The SpaceX insiders who got in at early rounds are about to cash out at valuations that are 50 to 500 times what they paid. That's not a typo.

  • 2015 round: SpaceX valued at $12 billion

  • 2019 round: $30 billion

  • 2024 tenders: $350 billion

  • 2026 IPO target: $1.5 trillion

Anyone with a 2015 position is looking at a 125x return before the public even gets a shot. Retail will be handed the chart at the absolute top and told it's a once-in-a-lifetime opportunity.

Why PEP and SJM Keep Bleeding While This Happens

Capital is finite. Every dollar flowing into private AI, space, and infrastructure deals is a dollar not flowing into publicly traded blue-chip staples. That's why boring legacy names keep getting cheaper while trillion-dollar private unicorns keep minting new fortunes.

  • PEP: stuck in a low-growth category with rising input costs

  • SJM: margin pressure, weak volumes, GLP-1 demand destruction story

  • Consumer staples at-large: underperforming the S&P by double digits year-to-date

None of this is about bad management. It's about where capital is choosing to go in 2026 — and where it is very clearly choosing not to go. Consumer staples are the asset class investors abandon when they chase higher-beta private market returns.
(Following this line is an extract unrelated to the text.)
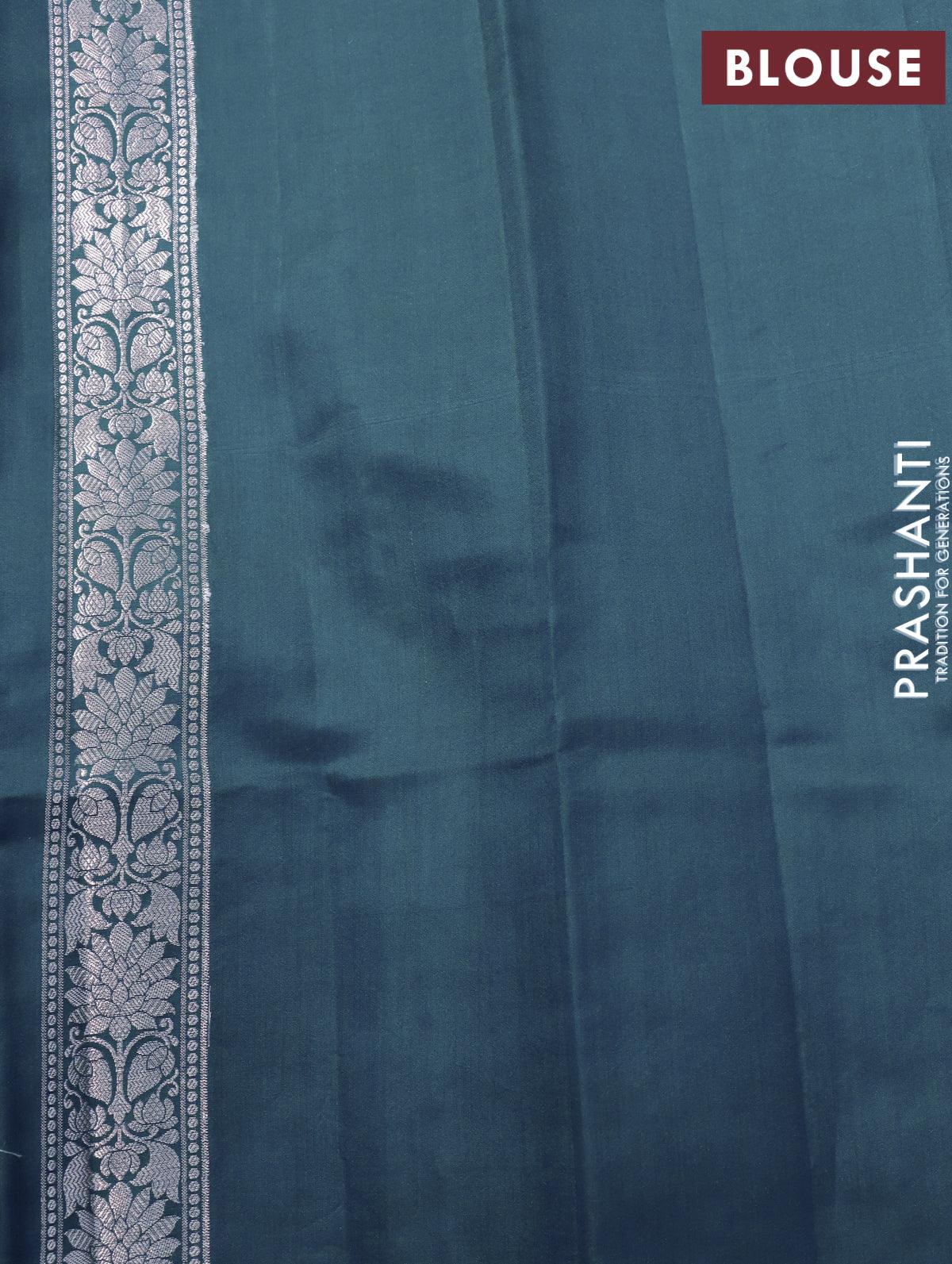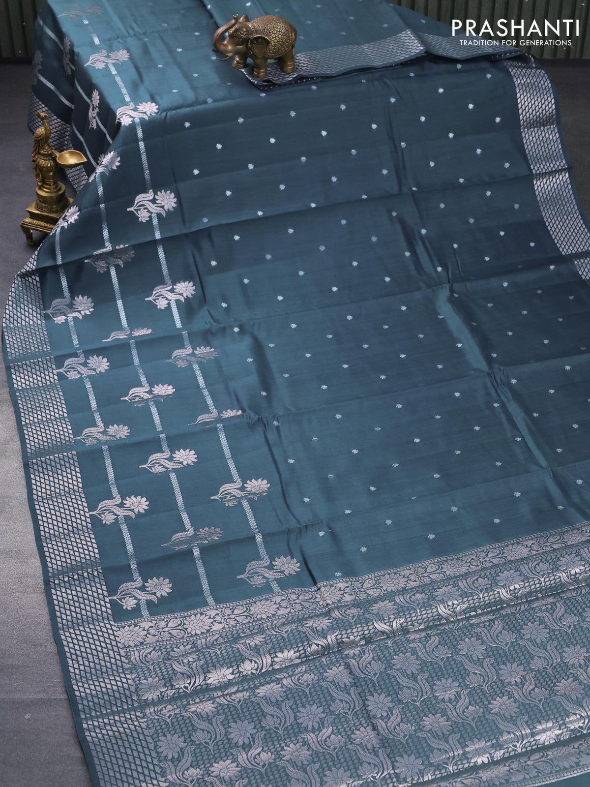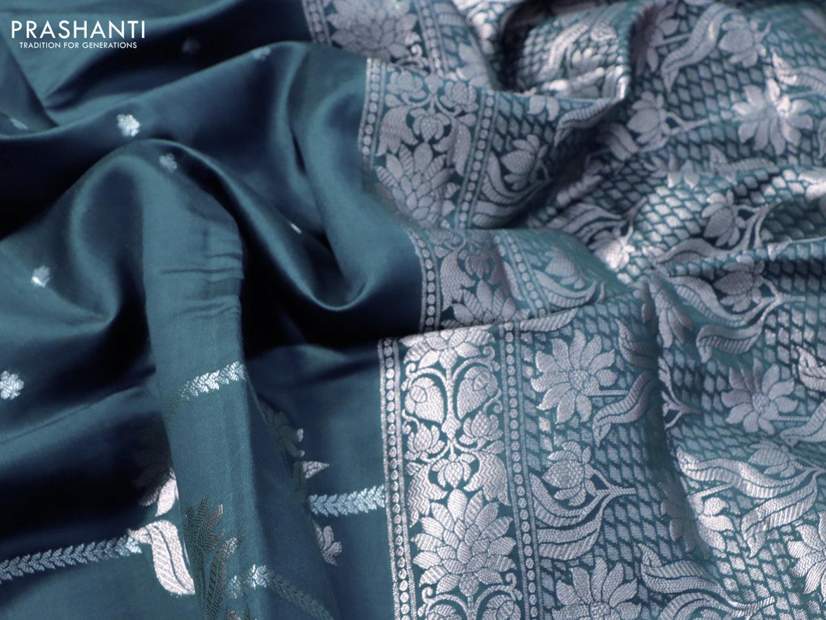 Chiniya silk saree peacoock green with silver zari woven buttas and zari woven border

Stop Playing the Game You Were Handed

Retail gets told to buy-and-hold safe dividend names. Meanwhile, the people telling them that are raising private capital at trillion-dollar valuations. The script is rigged, and the only way to beat it is to stop playing it the way you were taught.

You don't have to be a billionaire to play a smarter version of this game. You just have to stop confusing the headline tape with where value is actually being created. Follow the capital, not the narrative. Take advantage of tools retail can access — options flow, structured notes, defined-risk positioning — and stop anchoring your portfolio to names that are being systematically abandoned by institutional capital.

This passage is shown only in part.